South Korean musician and actor (born 1989)

Yong Jun-hyung (born Yong Jae-soon, December 19, 1989), known mononymously as Junhyung, is a South Korean singer-songwriter, record producer and actor. He rose to fame as a member of South Korean boy band Highlight (formerly known as Beast), formed in 2009. He departed from Highlight in 2019, amidst a controversy where he admitted to having watched a video of singer Jung Joon-young making out with a woman, which was filmed with consent but shared without.

As a solo artist, he released one extended play, Flower (2013), and one full-length album, Goodbye 20's (2018). He also starred in the Korean dramas Monstar (2013) and Coffee, Do Me a Favor (2018).

==Early life and education==
Yong was born in Seoul, South Korea. He changed his birth name Yong Jae-soon to his current name when he was in 6th grade.

== Career ==

=== 2007: Pre-debut ===
In 2007, he joined the boy band Xing, which included Kevin Woo (ex-U-KISS). Yong was known by the stage name Poppin' Dragon while in Xing.

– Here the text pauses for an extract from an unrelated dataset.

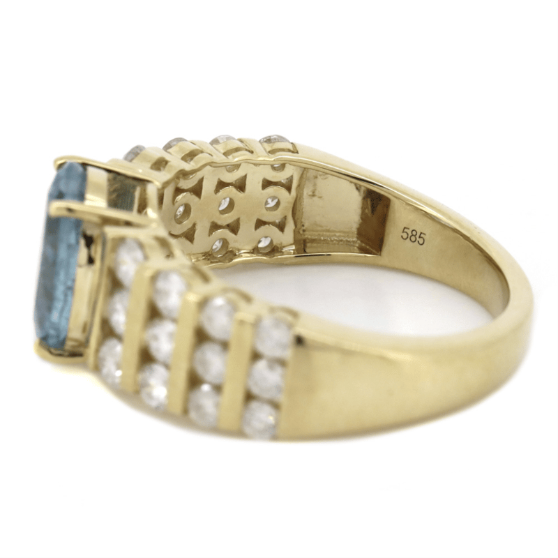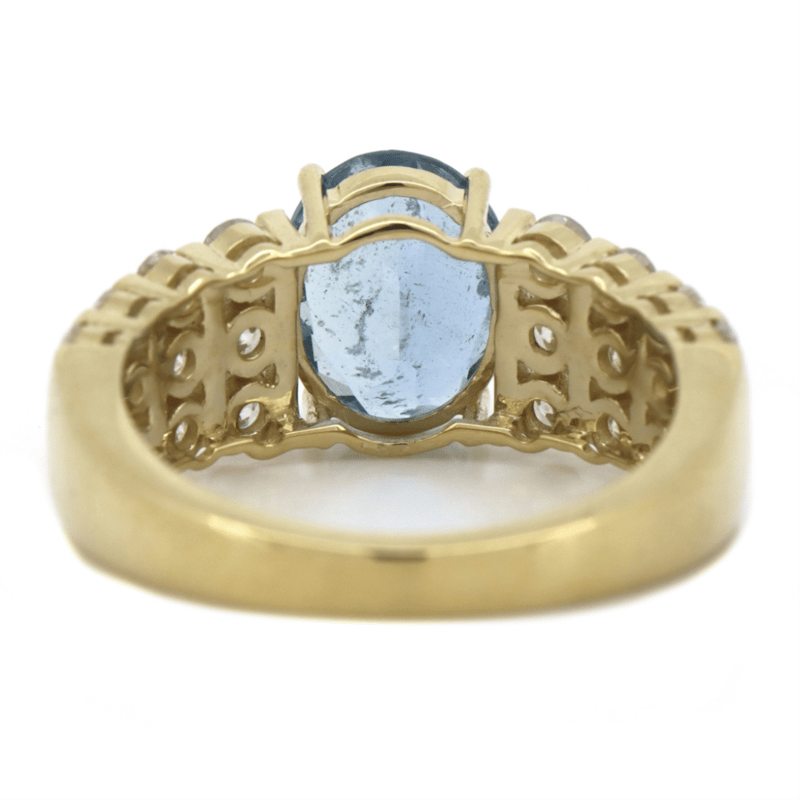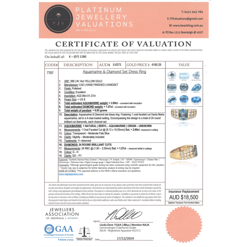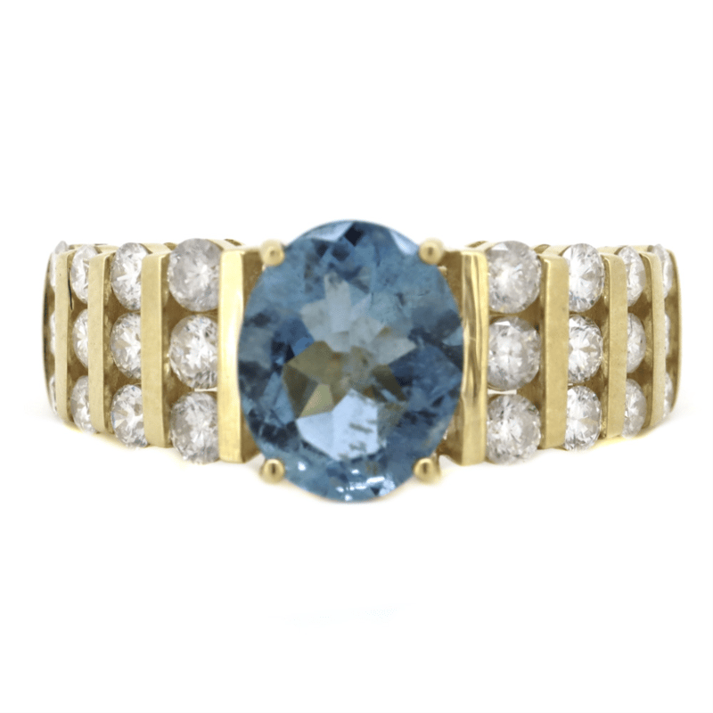 14K YELLOW GOLD, AQUAMARINE AND DIAMOND, DRESS RING. THE CENTRE FEATURES, ONE OVAL FACETED CUT, MODERATE PALE BLUE SANTA MARIA, AQUAMARINE (2.09CT, MODERATELY INCLUDED), 4 CLAW SET. ENCOMPASSING THE DESIGN ARE, 24 ROUND BRILLIANT CUT, DIAMONDS (1.27CT TDW, G-H COLOUR, SI2-P1 CLARITY), CHANNEL SET. RING SIZE P.

=== 2009–2016: Debut with Beast (now known as Highlight) ===

Yong debuted under Cube Entertainment as a member of the boy band Beast in 2009. The group released their first extended play Beast Is the B2ST on October 14, 2009. The group released a total of eight extended plays and three studio albums.

=== 2010–2018: Solo activities and discography with Highlight ===
In 2010, Yong was featured as a rapper in songs by other artists, including Hyuna's debut single "Change," the Asian remix of Amerie's "Heard 'em All," and G.NA's single "I'll Back Off So You Can Live Better." In 2011, Yong was featured on the songs "Heartsore Story" by Wheesung, "A Bitter Day" by Hyuna, "Be Quiet" by Kim Wan-sun, and "Don't Act Countrified" by ALi.

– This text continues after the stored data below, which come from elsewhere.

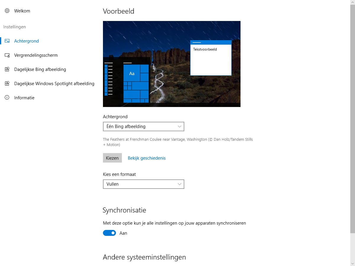 Kies je aan de linkerkant Vergrendelingsscherm, dan ben je bij de opties om voor dit scherm dezelfde keuzes te maken als voor je bureaubladachtergrond. Je selecteert een formaat: Vullen, Passen, Rekken of Centreren. Ook hier kun je deze instellingen weer laten synchroniseren met al je Windows-toestellen, zodat je pc, laptop, Windows-tablet en Windows-telefoon hetzelfde vergrendelingscherm hebben.
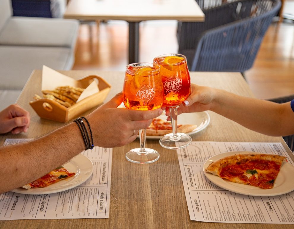 Όσο για το ποτό, προτείνουμε Spritz all’Italiana, με την κάρτα των aperitivo να έχει εμπλουτιστεί με τρεις νέες γεύσεις. Συνδύασε την φρέσκια pasta με το Dolce Vita Spritz με φράουλα ή το Frozen Aperol για ένα πιο δροσιστικό twist και πλάι στην πίτσα βάλε ένα αρωματικό Limoncello Spritz και έχεις τον τέλειο συνδυασμό.
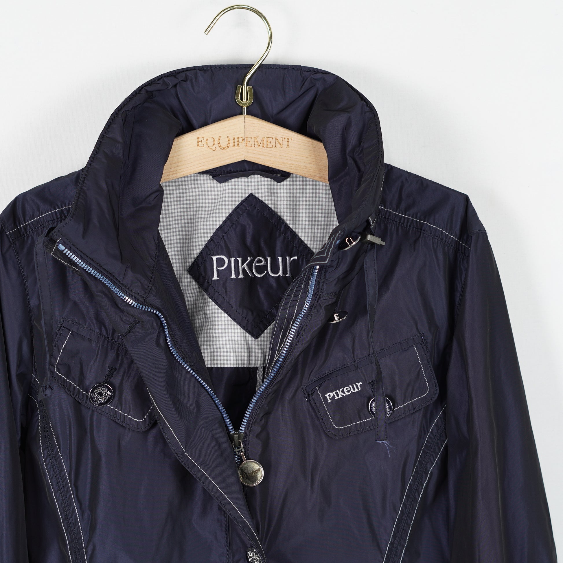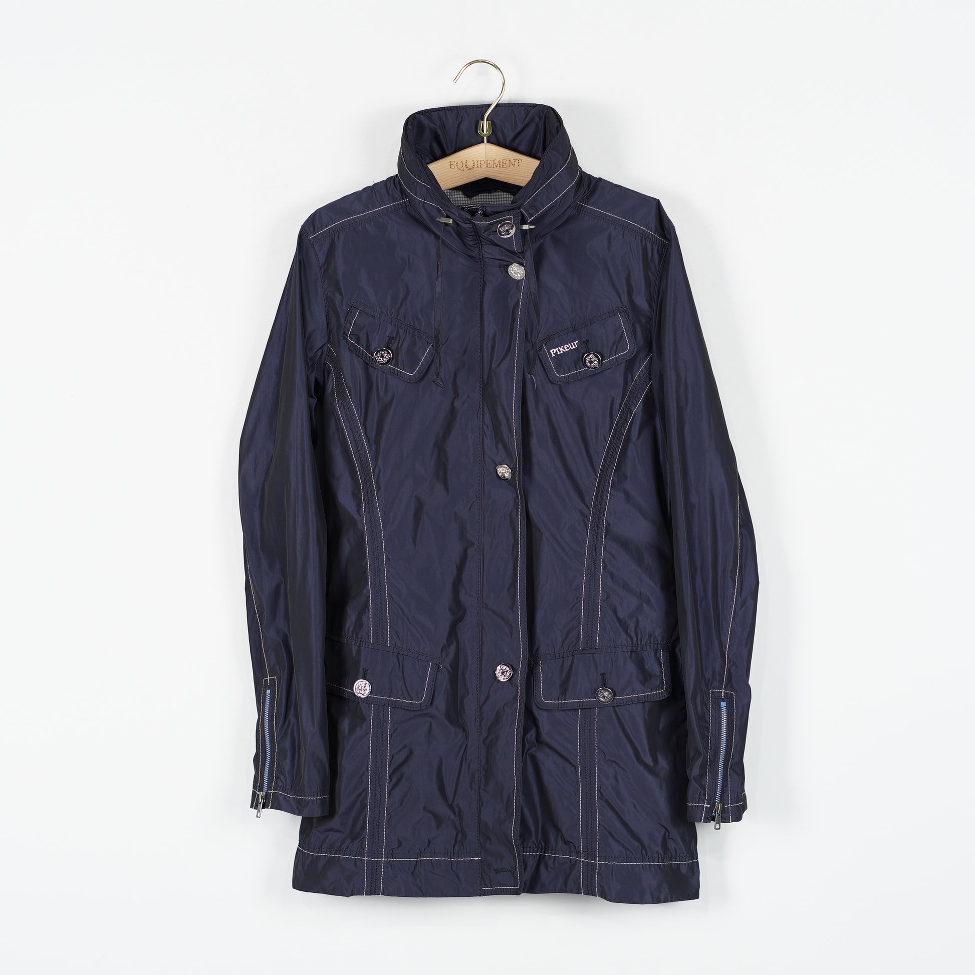 Ofodrad jacka i blått, "Latessa" från Pikeur. Jackan är en något längre modell och har många fickor samt ett band bak på ryggen som går att spänna åt för att få mer form på jackan. Några knappar sitter lite löst.

Yong released his first solo single, "Living Without You," on February 3, 2012. The song reached #8 on the Gaon Digital Chart. That summer, he made a cameo appearance on the sitcom Salamander Guru and The Shadows. Later that year, he produced fellow Beast member Yang Yo-seob's debut solo EP, The First Collage, and was featured on the lead single, "Caffeine."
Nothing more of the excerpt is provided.